Hoping to help beat these odds, Johns Hopkins researchers and their colleagues, led by Eric H. Raabe, M.D., Ph.D., assistant professor of oncology and instructor of pathology at the Johns Hopkins Kimmel Cancer Center, focused their attention on TAK228. Previous research showed the drug (also known as MLN0128) can cross the blood-brain barrier and reduces the production of a protein called mTOR, which appears to sustain cancer by combining with other proteins to signal the cells to grow, invade tissues and survive therapy. Both pediatric cancer types typically have genetic alterations that lead to increases in mTOR activity, thus Raabe and his team’s hypothesis that TAK228 could be an effective treatment for these cancers.

In one set of experiments, Raabe and his colleagues applied the drug to cells of each cancer type isolated from human patients. Results showed that TAK228 reduced proliferation of DIPG cells cancer cells by about 30 percent compared with control (untreated) cells and killed about 6 percent of the cells.

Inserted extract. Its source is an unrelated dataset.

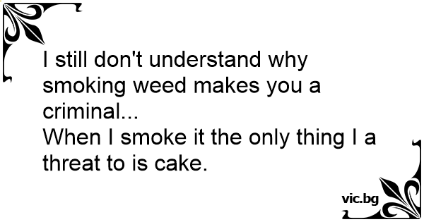 I still don't understand why smoking wееd makes you a criminal...<br />When I smoke it the only thing I a threat to is cake.
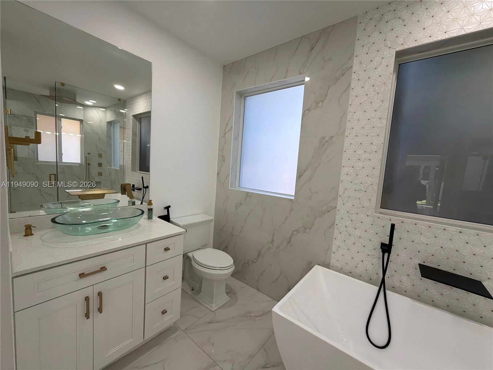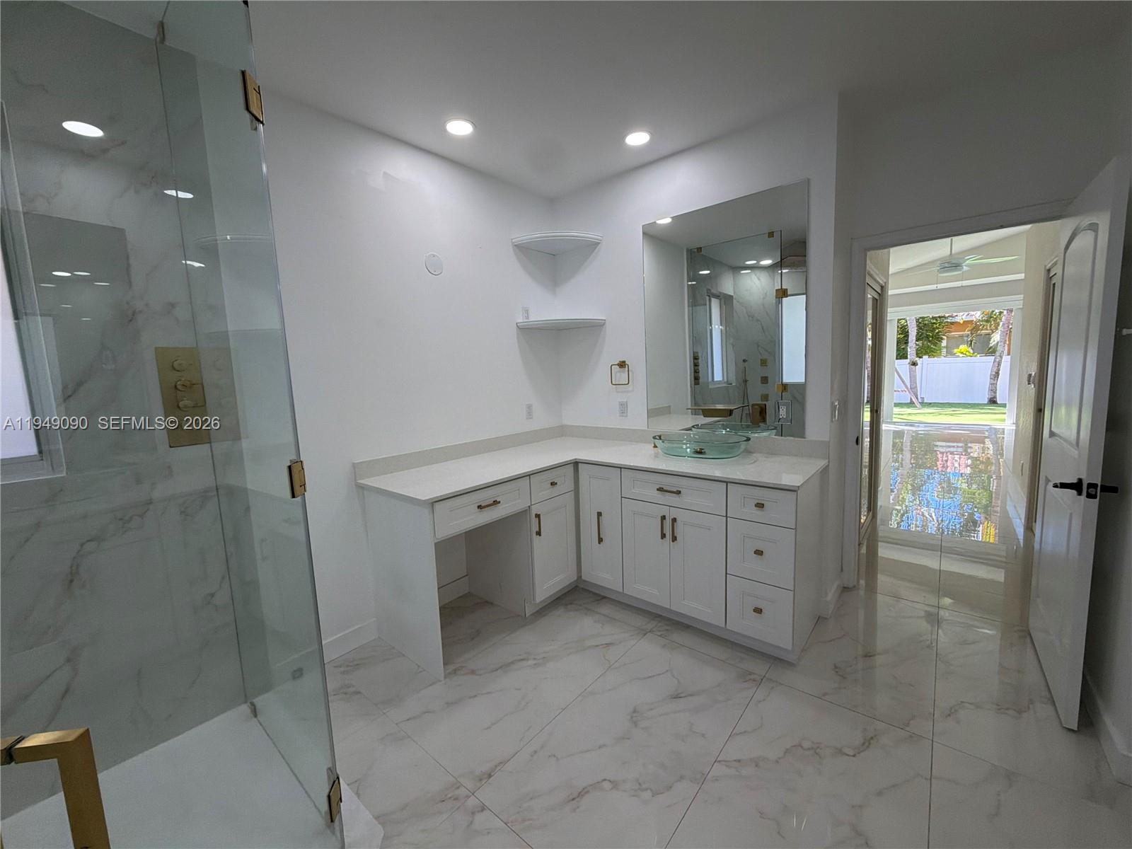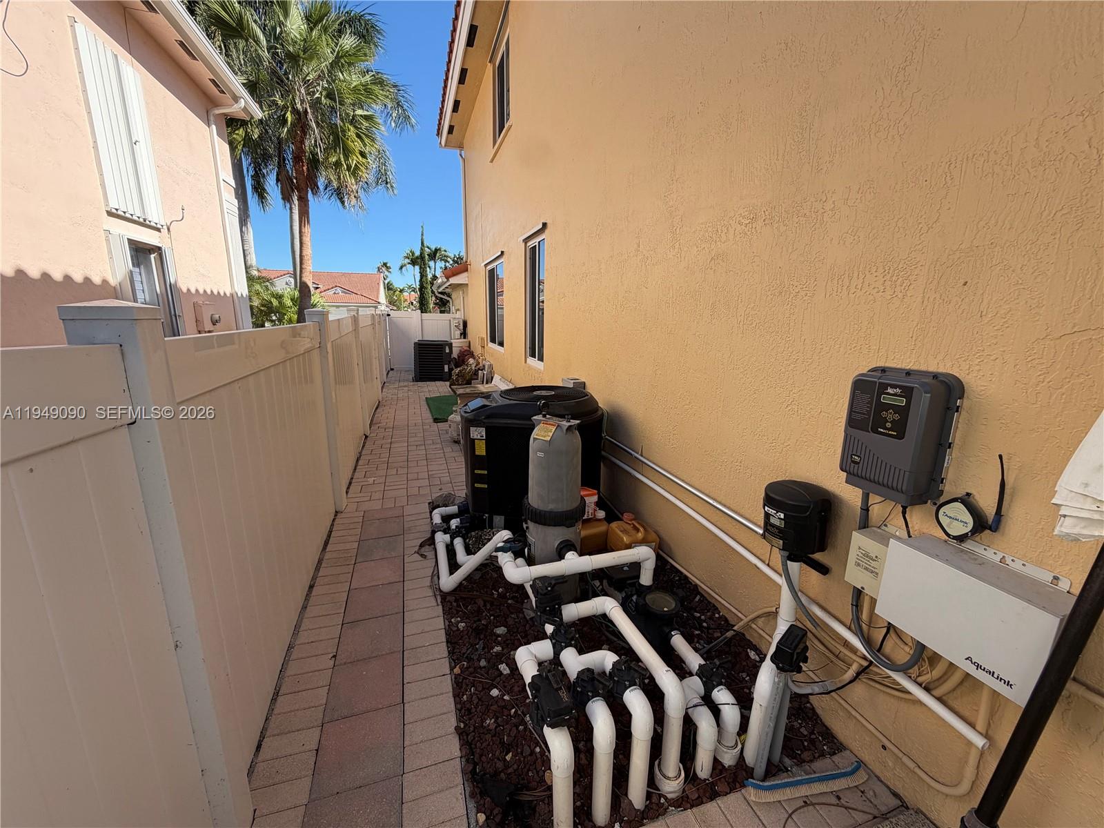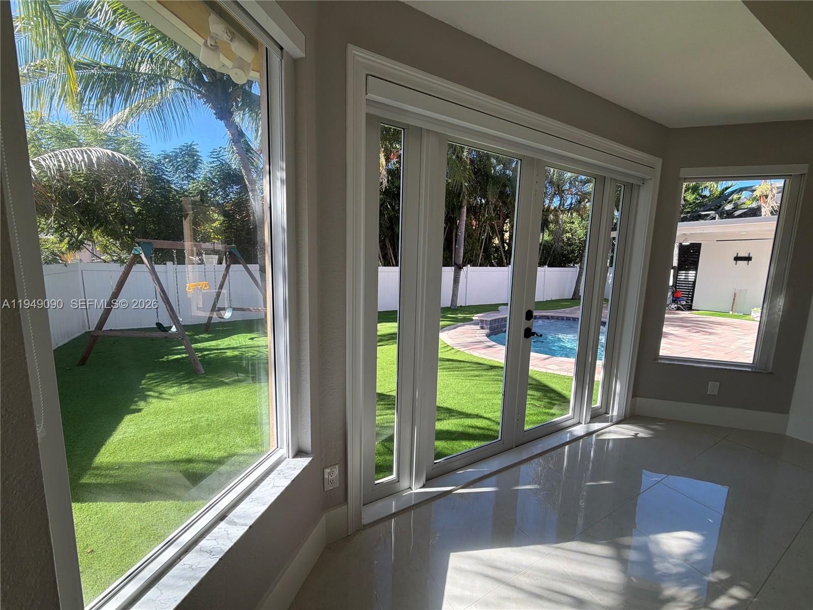 Turn-key, fully renovated home offering extensive upgrades and resort-style outdoor living. This meticulously updated property features a new roof installed in 2018, impact windows, an expanded paved driveway with six-car capacity, generator-ready power hookup, tankless water heater, soft water system, and white PVC fencing for privacy and durability. The interior showcases a beautifully redesigned kitchen completed in 2023 with professional-grade appliances, upgraded shaker cabinetry, and premium accessories. Year-round comfort is provided by a new five-ton A/C system for the main living areas and a dedicated three-ton A/C unit for the master suite, both controlled by Nest smart thermostats. Additional interior upgrades include all-new recessed lighting, modern linear air vents, and fully renovated bathrooms. The two-car garage is equipped with a split A/C unit and ceiling fans for added functionality. The backyard has been transformed into a private oasis featuring a pool and spa with heater, saltwater system, LED color-changing lights, and digital controls. The paved pool deck is complemented by low-maintenance artificial grass, a new sprinkler timer installed in 2025, and a palm tree privacy line with accent landscape lighting. A brand-new covered porch completed in 2025 includes lighting, ceiling fans, TV-ready setup, and power outlets—ideal for entertaining or relaxing. Lawn and pool maintenance are included, making this home truly move-in ready.

However, when combined with radiation — currently the most effective treatment for extending life in children with DIPG — nearly double the number of cells were killed compared with radiation alone, suggesting that TAK228 might sensitize cells to make radiation more effective, Raabe says.

When the team tested TAK228 on AT/RT cells, they found similar reductions in tumor cell proliferation and increases in cancer cell death. Further, when they gave a combination of TAK228 and cisplatin, a chemotherapy commonly used to treat AT/RTs, to mice bearing implanted human AT/RT tumors, the mice receiving the combined treatment lived approximately 30 days longer than those that received either treatment alone. Some 40 percent of the combination-treated mice were long-term survivors (living more than 60 days after tumor injection), while none of the mice treated with either chemotherapy or TAK228 alone lived longer than 25 days.

A report of the experiments in DIPG is published online April 25 in Cancer Letters, and the AT/RT report is published June 3 in Neuro-Oncology. Together, Raabe says, these results suggest that TAK228 could hold promise for human patients.

“Both of these papers set the stage for clinical trials for TAK228,” he says. “Our experiments show that TAK228 can make traditional chemotherapy and radiation more effective, which may offer hope to patients for whom current therapy doesn’t work very well.”

The team is currently investigating further how the drug works with radiation and chemotherapy, and if other drugs might be able to heighten this synergistic effect.

Other Johns Hopkins researchers who participated in the DIPG study include Hiroaki Miyahara, Manabu Natsumeda, Jeffrey A. Rubens, Isabella C. Taylor, Harpreet Kaur, Laura Asnaghi and Charles G. Eberhart. Other Johns Hopkins researchers who participated in the AT/RT study include Jeffrey A. Rubens, Sabrina Z. Wang, Antoinette Price, Melanie F. Weingart and Charles G. Eberhart.

The DIPG research was funded by the Cure Starts Now Foundation, the Giant Food Pediatric Cancer Research Fund, the National Institutes of Health’s National Cancer Institute (P30 CA006973, T32CA60441), Smashing Walnuts/Piedmont Community, the Goldwin Foundation and the St. Baldrick’s Foundation.

Funding for the AT/RT research was provided by Alex’s Lemonade Stand, the Giant Food Pediatric Cancer Research Fund, the National Institutes of Health’s National Cancer Institute (P30 CA006973, T32CA60441) and the St. Baldrick’s Foundation.